Recently, Product Hunt shut down Sip, their project that covered breaking news in the tech industry in a bite-size, tap-to-go-next format similar to that of Instagram, Snap, Facebook, and WhatsApp stories. Although Sip slowly built up a large userbase of over 100k unique monthly users, Ryan Hoover and Product Hunt quietly discontinued the app in early 2019 and new stories immediately stopped populating the app—read on to find out why.

Why did Sip fail and shut down?

In essence, Sip entered the "tech news" field at an awkward time. They had to compete for attention against early-morning email newsletters, constantly-updated Twitter and Facebook feeds, and other channels to essentially be relevant and because their strategy was releasing silent daily notifications at 5 pm, this effort was much more difficult. It would be redundant to read news as it broke on Twitter, for example, and then get another report on it on Sip—people wouldn't be inclined to check a news app for things they've already classified as old.

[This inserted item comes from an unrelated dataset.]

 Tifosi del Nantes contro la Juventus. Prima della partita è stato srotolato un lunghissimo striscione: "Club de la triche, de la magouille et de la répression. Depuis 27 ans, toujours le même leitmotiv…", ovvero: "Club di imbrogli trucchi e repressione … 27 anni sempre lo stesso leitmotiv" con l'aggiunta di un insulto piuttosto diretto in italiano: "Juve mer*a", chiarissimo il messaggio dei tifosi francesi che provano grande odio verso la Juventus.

On top of this, Sip's newsletters tapped into the ever-shortening attention span and inclination to quickly-digestible content by condensing long articles down into single sentences to describe the public release and context behind a new product, funding round, etc. Although truly ambitious, I believe that this posed a difficulty as well in that generally, with news reports in the tech industry, I like to read longer articles that go into depth about previous funding rounds, startups doing similar things, etc. and having a model that relies deeply on being able to digest tech news quickly goes against this form of longer reads.

Finally, Sip made a major mistake in the growth hacking of their userbase. Detailed by Ryan Hoover in his post-mortem of Sip, the team utilized Product Hunt's traffic and platform to drive users to them—essentially "cannibalizing" on their own traffic. Generating, managing, and retaining traffic on both platforms proved to be too difficult to continue and soon, Sip quietly shut down. It was an ambitious project that entered a deep pool of big fish armed with a fresh take on content delivery, but went too fast for its own good and eventually sunk to the bottom.

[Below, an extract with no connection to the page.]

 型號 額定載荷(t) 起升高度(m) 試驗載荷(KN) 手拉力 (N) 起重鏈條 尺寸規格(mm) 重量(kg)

Sip reminds me of what Snapchat is trying to do with its "For You" section. Tappable, bite-size news articles and blogs hosted on an app for mobile reading. Snapchat's app also supports an in-app reader for articles on Bloomberg or NBC and also fits in ads between news stories. Although I don't personally use the section, I believe Snapchat's version works better because of the broad range of topics that make it onto the app—my current feed spans meme pages, Fortnite news, stories from Snapchat influencers, a man injecting oil into his arms to get gigantic biceps, and everything in between. It also seems like Snapchat outsources/sells positions on this newsfeed for meme pages and media companies to advertise their content, so it would also be less work for Snapchat to manage this and instead, focus their energy on launching implicit disses to other social media channels.

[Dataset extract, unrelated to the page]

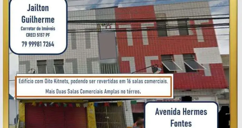 Prédio comercial à venda em Aracaju, na avenida Hermes Fontes! O prédio tem 3 lojas no térreo e 8 apartamentos no primeiro e segundo andar! Os apartamentos tem sala, quarto, cozinha e banheiro! Está localizado em área comercial e residencial com grande circulação de pessoas!

I think that in the case of Sip, they definitely could have taken a better approach to what they could've become. Putting aside that the idea in the beginning was reporting on breaking tech news (too many people already do this), Sip could've become a discovery platform for Product Hunt and an extension of their newsletter. Instead of embedding advertisements to Top Hunts at the bottom of their reports, Sip could've become a quick digestible source of hunting the next great thing for your iPhone—it'd be a curated list of the top iPhone apps creators launched on Product Hunt that day/week and would implement a "swipe up" feature to allow users to immediately download it on their phone and test it out! On top of this, I believe tech has glorified the idea of "moving fast and breaking things" to the point that it is a little bit unhealthy. In Sip's case, taking a step back and finding a better way to garner app adoption would've given it a little bit more of a fighting chance.